Many viruses use specific viral proteins to bind calcium ions (Ca(2+)) for stability or to modify host cell pathways; however, to date, no Ca(2+) binding protein has been reported in bluetongue virus (BTV), the causative agent of bluetongue disease in livestock. Here, using a comprehensive bioinformatics screening, we identified a putative EF-hand-like Ca(2+) binding motif in the carboxyl terminal region of BTV nonstructural phosphoprotein 2 (NS2). Subsequently, using a recombinant NS2, we demonstrated that NS2 binds Ca(2+) efficiently and that Ca(2+) binding was perturbed when the Asp and Glu residues in the motif were substituted by alanine. Using circular dichroism analysis, we found that Ca(2+) binding by NS2 triggered a helix-to-coil secondary structure transition. Further, cryo-electron microscopy in the presence of Ca(2+) revealed that NS2 forms helical oligomers which, when aligned with the N-terminal domain crystal structure, suggest an N-terminal domain that wraps around the C-terminal domain in the oligomer. Further, an in vitro kinase assay demonstrated that Ca(2+) enhanced the phosphorylation of NS2 significantly. Importantly, mutations introduced at the Ca(2+) binding site in the viral genome by reverse genetics failed to allow recovery of viable virus, and the NS2 phosphorylation level and assembly of viral inclusion bodies (VIBs) were reduced. Together, our data suggest that NS2 is a dedicated Ca(2+) binding protein and that calcium sensing acts as a trigger for VIB assembly, which in turn facilitates virus replication and assembly. IMPORTANCE After entering the host cells, viruses use cellular host factors to ensure a successful virus replication process. For replication in infected cells, members of the Reoviridae family form inclusion body-like structures known as viral inclusion bodies (VIB) or viral factories.
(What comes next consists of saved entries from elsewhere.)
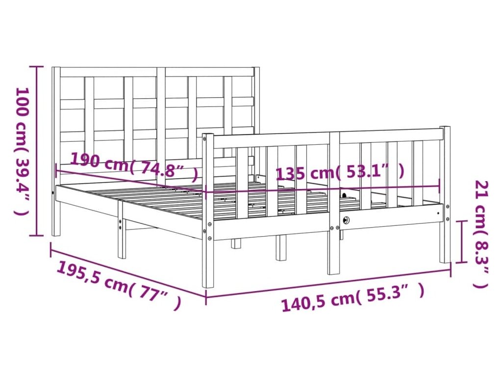 - Celkové rozměry postele: 195,5 x 140,5 x 100 cm (D x Š x V)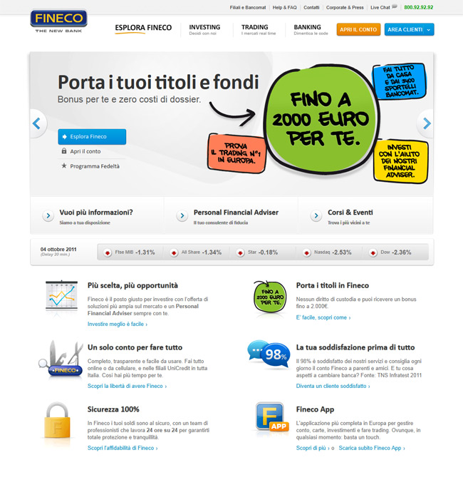 Il sito della banca Fineco è estremamente usabile e pulito. Il look è moderno e alcuni dettagli di colore, oltre alle particolari immagini dello slider, rendono il layout molto gradevole. Le icone danno un taglio fresco e giovanile alla pagina e il footer è uno spazio utile, che riassume la struttura del sito e i link utili all’utente.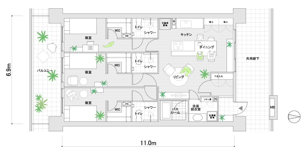 前回のコラムで「nLDKの行方」と題して、個室を充実させて、大人の家族が一緒に住むということ、そして夫婦も共働き、寝室も別室の案を書いたところ多くの方から反響をいただきました。そこで今回はもう一つ、それぞれの個室にトイレもシャワーもつけてみました。ここでの想定する暮らし像は夫婦は50代共働き、子供は独立しています。夫婦はそれぞれ一部屋づつ使い、一部屋は空いています。空いた部屋があれば親しい友人を気軽に招いて泊めることもできますし、長い時間滞在してもらってもお互いに気兼ねすることはありません。高齢になって夫婦どちらかが一人になっても、友人と一緒に住むとか、介護が必要になっても子供に来てもらうとか、他の誰かに来てもらうとかも気軽にできるでしょう。一見ビジネスホテルのようにも見えますが、共有スペース(奥の部屋)には大きなキッチンがあります。食事をするというのはコミュニケーションの大事な行為です。テレビを見たり、音楽を聴いたり、それぞれの部屋で自分の好きなように過ごします。家族が一緒の時、友達が来た時などはみんなで食事をしながらコミュニケーションをはかるのです。共有部分にトイレを置いていないのは、それぞれの個室のトイレを来客者は使うように考えました。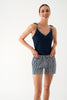 De Pyjama Set Navy Stripes van Promise bestaat uit een hemdje met bandjes en een korte broek.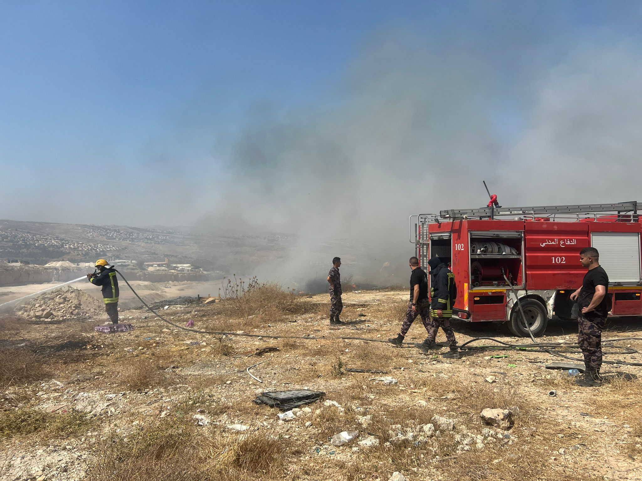 إخماد حريق أربعة مركبات كانت في محافظات القدس وبيت لحم ونابلس .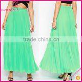 Solid Color Neon Sexy Long Chiffon Pleated Maxi Skirt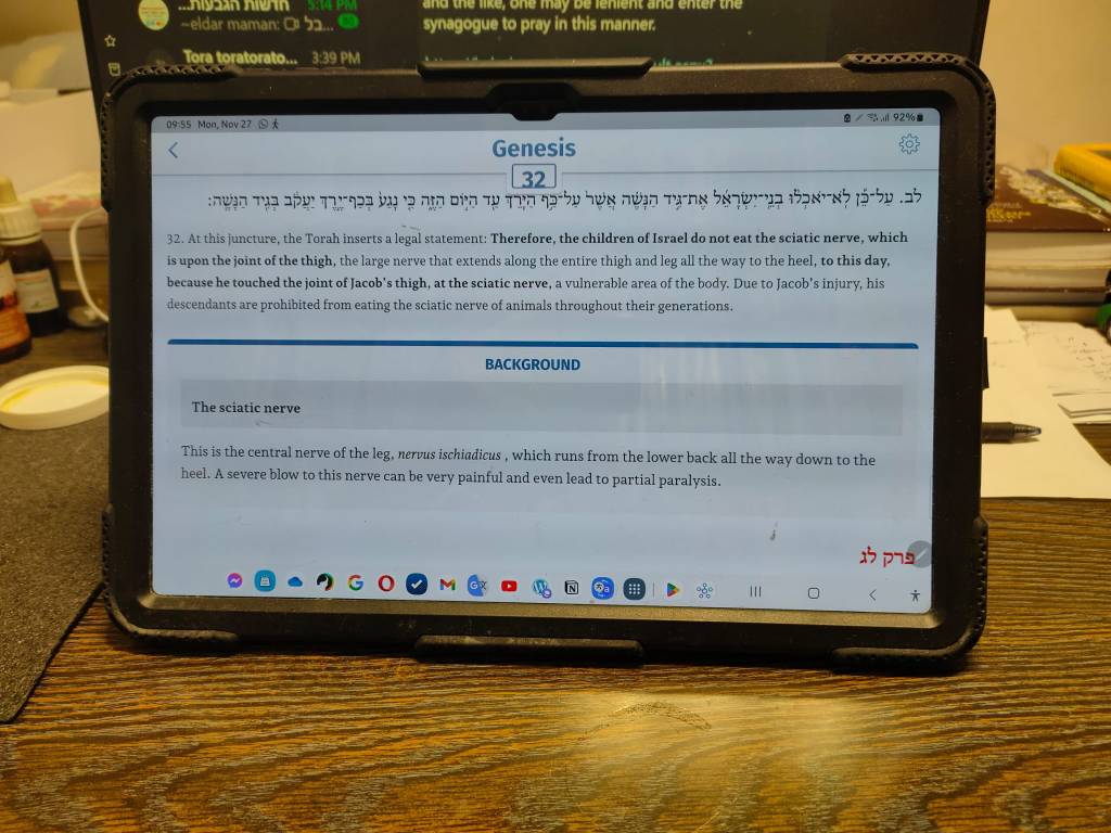 Last picture from Rav Steinsalts :UPON the joint of the thigh!? The Tora says : AL kaf ha-yerech….not clear to me why not wrtiten ] “TACHAT” kaf ha-yerech]

Bluetongue virus (BTV) forms VIBs in infected cells through nonstructural protein 2 (NS2), a phosphoprotein. An important regulatory factor critical for VIB formation is phosphorylation of NS2. In our study, we discovered a characteristic calcium-binding EF-hand-like motif in NS2 and found that the calcium binding preferentially affects phosphorylation level of the NS2 and has a role in regulating VIB assembly.